Adidacticité et validation: remarques

Revenons à la situation générique dite de "calcul" et proposée dans notre expérience. Le processus de dévolution de cette situation peut être amorcé. Y a-t-il pour autant situation a-didactique? En regard de la théorie, la réponse est non. Si la situation présente bien les caractéristiques d'une situation- problème qui peut être dévolue, il n'y a pas de milieu de validation, les connaissances des élèves dans un premier temps, ne leur permettent pas de trancher quant à l'exactitude de la réponse, encore moins quant à la pertinence du procédé utilisé, le problème se pose même de l'unicité de la réponse. Parlons de situation ante-adidactique au sens où l'essentiel du travail va justement consister à dévoluer aux élèves la construction de ce milieu de validation. C'est par le jeu des variables, variable de situation d'une part (variable numérique dans le cas de la situation de calcul) et variable de commande (modifiant la nature même de la situation) d'autre part, qu'il va être possible de créer les conditions d'existence d'un milieu de validation et par là de rendre possible l'émergence d'une situation a- didactique.
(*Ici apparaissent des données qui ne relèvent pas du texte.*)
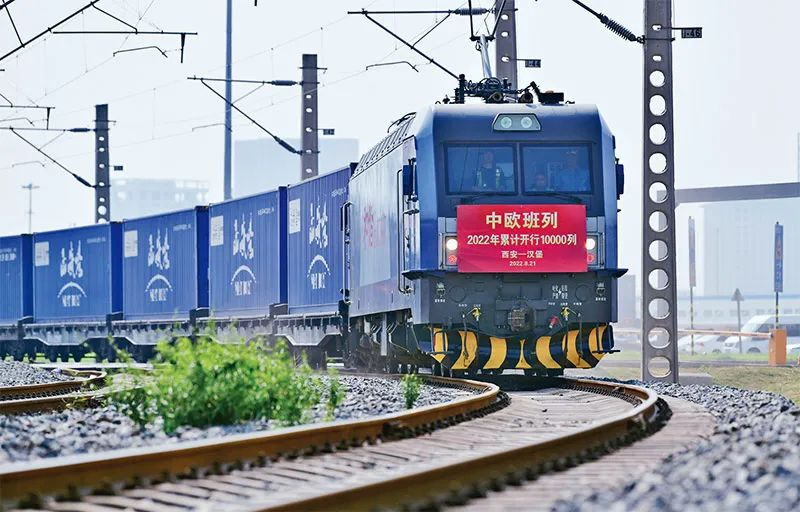 2022年8月21日,中欧班列(西安—汉堡)从西安国际港站开出。至此,中欧班列2022年累计开行10000列,较2021年提前10天破万列。新华社发 唐振江/摄
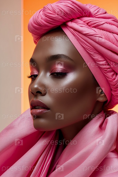 ИИ генеративный портрет молодой женщины естественно чистый помада макияж, модная модель красоты в розовом костюме
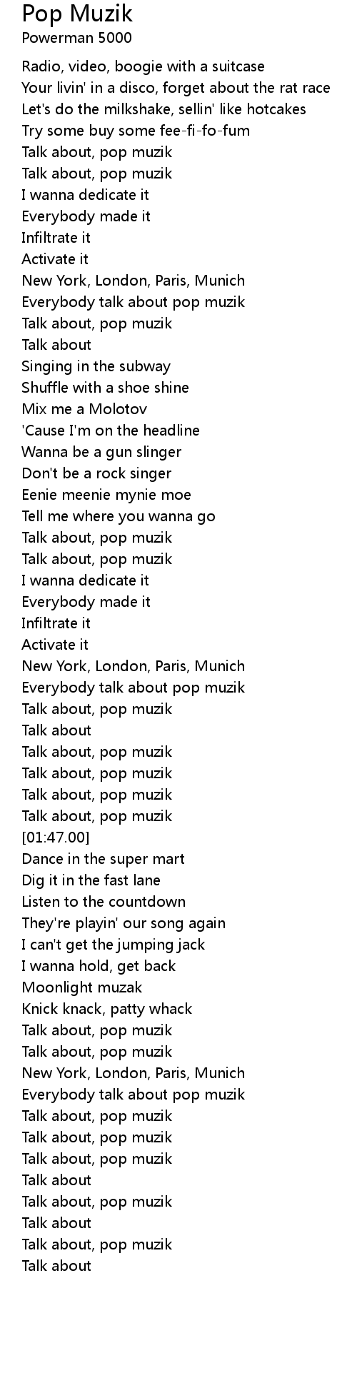 Talk about, pop muzik |

Il s'agit, en reprenant les termes de Margolinas (1993) de créer les conditions d'un passage d'une

vérité assertorique à une vérité apodictique. Dans un premier temps la réponse est vraie puisqu'elle

existe en termes de possible et même de contrôlable par les pairs dans le domaine considéré et avec les règles de transformations numériques connues mais il n'y a pas de débat sur le "vrai et le faux" possible. Est à construire l'idée d'une vérité apodictique, construction en plusieurs étapes à lire dans leur enchaînement en termes de contingence et de nécessité.